Pull perf/core improvements and fixes from Arnaldo Carvalho de Melo:
. Fix some leaks in exit paths.
. Use memdup where applicable
. Remove some die() calls, allowing callers to handle exit paths
gracefully.
. Correct typo in tools Makefile, fix from Borislav Petkov.
. Add 'perf bench numa mem' NUMA performance measurement suite, from Ingo Molnar.
. Handle dynamic array's element size properly, fix from Jiri Olsa.
. Fix memory leaks on evsel->counts, from Namhyung Kim.
. Make numa benchmark optional, allowing the build in machines where required
numa libraries are not present, fix from Peter Hurley.
. Add interval printing in 'perf stat', from Stephane Eranian.
. Fix compile warnings in tests/attr.c, from Sukadev Bhattiprolu.
. Fix double free, pclose instead of fclose, leaks and double fclose errors
found with the cppcheck tool, from Thomas Jarosch.
Signed-off-by: Arnaldo Carvalho de Melo <acme@redhat.com>
We print several '__u64' quantities using '%llu'. On powerpc, we by
default include '<asm-generic/int-l64.h> which results in __u64 being an
unsigned long. This causes compile warnings which are treated as errors
due to '-Werror'.
By defining __SANE_USERSPACE_TYPES__ we include <asm-generic/int-ll64.h>
and define __u64 as unsigned long long.
Changelog[v2]:
[Michael Ellerman] Use __SANE_USERSPACE_TYPES__ and avoid PRIu64
format specifier - which as Jiri Olsa pointed out, breaks on x86-64.
Signed-off-by: Sukadev Bhattiprolu <sukadev@linux.vnet.ibm.com>
Cc: Anton Blanchard <anton@au1.ibm.com>
Cc: Jiri Olsa <jolsa@redhat.com>
Cc: Michael Ellerman <ellerman@au1.ibm.com>
Cc: linuxppc-dev@ozlabs.org
Link: http://lkml.kernel.org/r/20130124054439.GA31588@us.ibm.com
Signed-off-by: Arnaldo Carvalho de Melo <acme@redhat.com>
This patch adds a new printing mode for perf stat. It allows interval
printing. That means perf stat can now print event deltas at regular
time interval. This is useful to detect phases in programs.

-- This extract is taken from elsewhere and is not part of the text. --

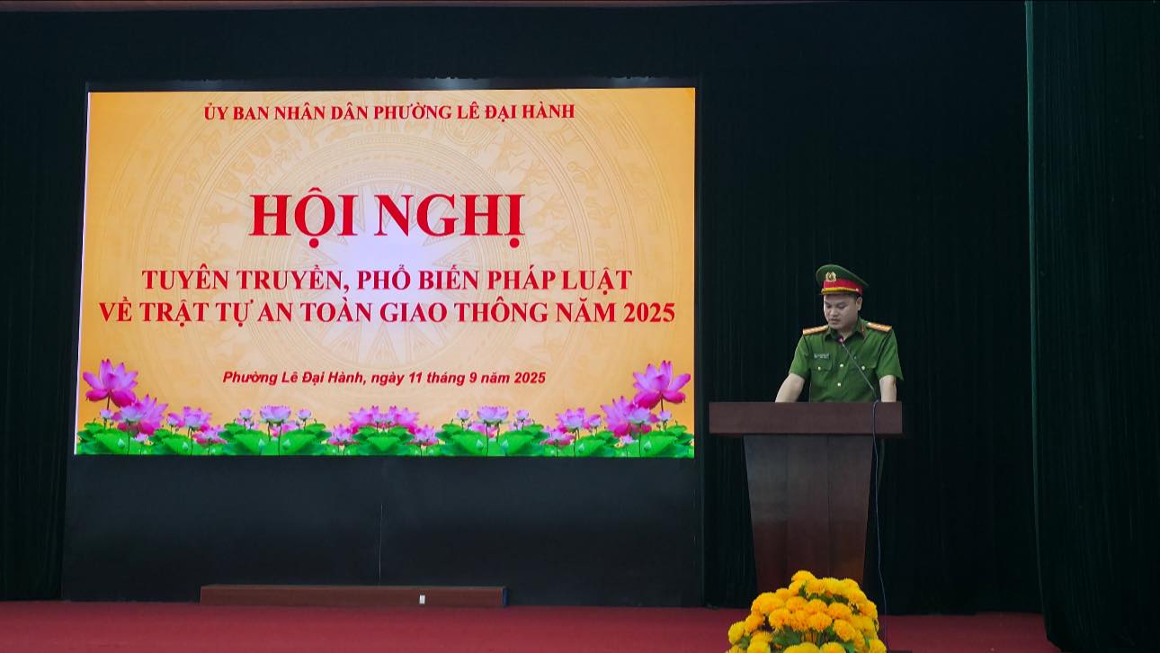 Chiều ngày 11/9, UBND phường Lê Đại Hành tổ chức Hội nghị tuyên truyền phổ biến Pháp luật về trật tự an toàn giao thông năm 2025, với mục đích nâng cao nhận thức và trách nhiệm của cộng đồng trong việc chấp hành pháp luật về trật tự an toàn giao thông, đặc biệt là việc giảm thiểu tai nạn giao thông.

The -I option enables interval printing. It expects an interval duration
in milliseconds. Minimum is 100ms. Once, activated perf stat prints
events deltas since last printout. All modes are supported.
$ perf stat -I 1000 -e cycles noploop 10
noploop for 10 seconds
# time counts events
1.000109853 2,388,560,546 cycles
2.000262846 2,393,332,358 cycles
3.000354131 2,393,176,537 cycles
4.000439503 2,393,203,790 cycles
5.000527075 2,393,167,675 cycles
6.000609052 2,393,203,670 cycles
7.000691082 2,393,175,678 cycles
The output format makes it easy to feed into a plotting program such as
gnuplot when the -I option is used in combination with the -x option:
$ perf stat -x, -I 1000 -e cycles noploop 10
noploop for 10 seconds
1.000084113,2378775498,cycles
2.000245798,2391056897,cycles
3.000354445,2392089414,cycles
4.000459115,2390936603,cycles
5.000565341,2392108173,cycles
Signed-off-by: Stephane Eranian <eranian@google.com>
Cc: Andi Kleen <ak@linux.intel.com>
Cc: Ingo Molnar <mingo@elte.hu>
Cc: Jiri Olsa <jolsa@redhat.com>
Cc: Namhyung Kim <namhyung.kim@lge.com>
Cc: Peter Zijlstra <peterz@infradead.org>
Link: http://lkml.kernel.org/r/1359460064-3060-3-git-send-email-eranian@google.com
Signed-off-by: Arnaldo Carvalho de Melo <acme@redhat.com>
Add a suite of NUMA performance benchmarks.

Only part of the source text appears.